This is when it starts to get ugly (and next week, we'll probably tell you this is when it gets really ugly).

The two principal matters that all agree must be resolved are the biennial budget and a plan to return the Unemployment Insurance Trust Fund to solvency.

Complicating things—and poisoning the waters—is the so-called "bailout" for the Marion County Capital Improvement Board.

Senate Republicans passed their version of the two-year budget April 14, and it may meet with more approval from House Democrats than from Republican Gov. Mitch Daniels. The budget would provide real increases in funding for K-12 education and allow some higher education capital projects to proceed, but only with the inclusion of federal stimulus funds.

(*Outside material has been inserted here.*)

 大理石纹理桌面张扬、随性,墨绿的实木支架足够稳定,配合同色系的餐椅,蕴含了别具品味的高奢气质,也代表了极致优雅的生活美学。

Daniels does not like the substitution of federal dollars for state ones here, concerned about plunging off the fiscal cliff in 2011 with a $330 million-plus structural deficit when federal largesse runs out. Senate Republicans point to the $1.3 billion in state reserves as a safety net, but the governor remains skeptical.

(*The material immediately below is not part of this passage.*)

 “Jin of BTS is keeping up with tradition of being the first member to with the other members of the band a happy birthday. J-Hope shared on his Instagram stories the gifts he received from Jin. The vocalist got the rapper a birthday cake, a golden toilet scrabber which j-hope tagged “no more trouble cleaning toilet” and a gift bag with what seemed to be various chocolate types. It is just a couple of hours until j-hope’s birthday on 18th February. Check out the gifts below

House Democrats still advocate a one-year budget because of the economic uncertainty, but that insistence will not last. Because of the strong education funding component in the Senate GOP plan, Democrats likely will acquiesce while continuing to push for more state stimulus spending along the lines of the House-passed bipartisan road-building bill.

At the margins, Democrats would like to see less spending on corrections, and want the school funding formula tweaked from the Senate preference (directing dollars largely based on school district population) to allocate more cash to urban school districts. There will be a tussle over a tax credit the Senate seeks for those who enroll their dependents in private schools, and over restrictions on what schools can do with dollars in their capital projects funds.

Don't rule out Senate Republicans' advocating deeper cuts if revenue forecasts are cataclysmic.

Meanwhile, the Unemployment Insurance Trust Fund continues to be the $1.4 billion gorilla.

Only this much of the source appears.